Adversarial Examples: Tricking ML Models with Imperceptible Changes

In 2013, a group of researchers led by Christian Szegedy and Ian Goodfellow demonstrated something unsettling: a deep neural network confidently classifying an image of a panda would, after the addition of a small carefully chosen pixel-level perturbation, equally confidently classify the same image as a gibbon. The perturbation was imperceptible to humans. The phenomenon, adversarial examples, has been the most-studied and least-resolved problem in machine learning security for over a decade. It now has direct operational relevance as ML models are deployed in security-critical roles.

The current state of adversarial robustness in 2026 is partial defences, ongoing arms races, and an underlying recognition that perfect robustness against an adaptive attacker is probably impossible at current model architectures.

The classical attack

The original Goodfellow et al. paper "Explaining and Harnessing Adversarial Examples" (2014) at arxiv.org/abs/1412.6572 introduced the Fast Gradient Sign Method. The intuition is that the gradient of the model’s loss with respect to the input tells you which direction to push pixels to maximally confuse the classifier; a small step in that direction frequently flips the prediction.

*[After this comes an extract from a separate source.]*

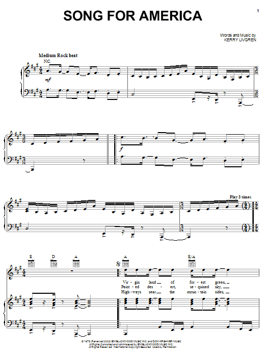 Download or print Kansas Song For America sheet music, chords and digital score arranged for Piano, Vocal & Guitar Chords (Right-Hand Melody). This Pop score includes 5 page(s).

Subsequent attacks, Projected Gradient Descent (PGD), Carlini-Wagner attacks, momentum methods, refined the technique. The general principle is the same: gradient-based optimisation finds inputs that the model misclassifies despite being visually indistinguishable from correct examples.

Three classes of attack matter operationally:

White-box attacks, where the attacker has the model weights and can compute gradients directly. Easiest from the attacker’s perspective; most damaging against open-weight models.

Black-box attacks, where the attacker has only query access. Harder but feasible; transfer attacks (training a surrogate model on observed inputs and outputs, then crafting adversarial examples that often transfer to the target) are the dominant technique.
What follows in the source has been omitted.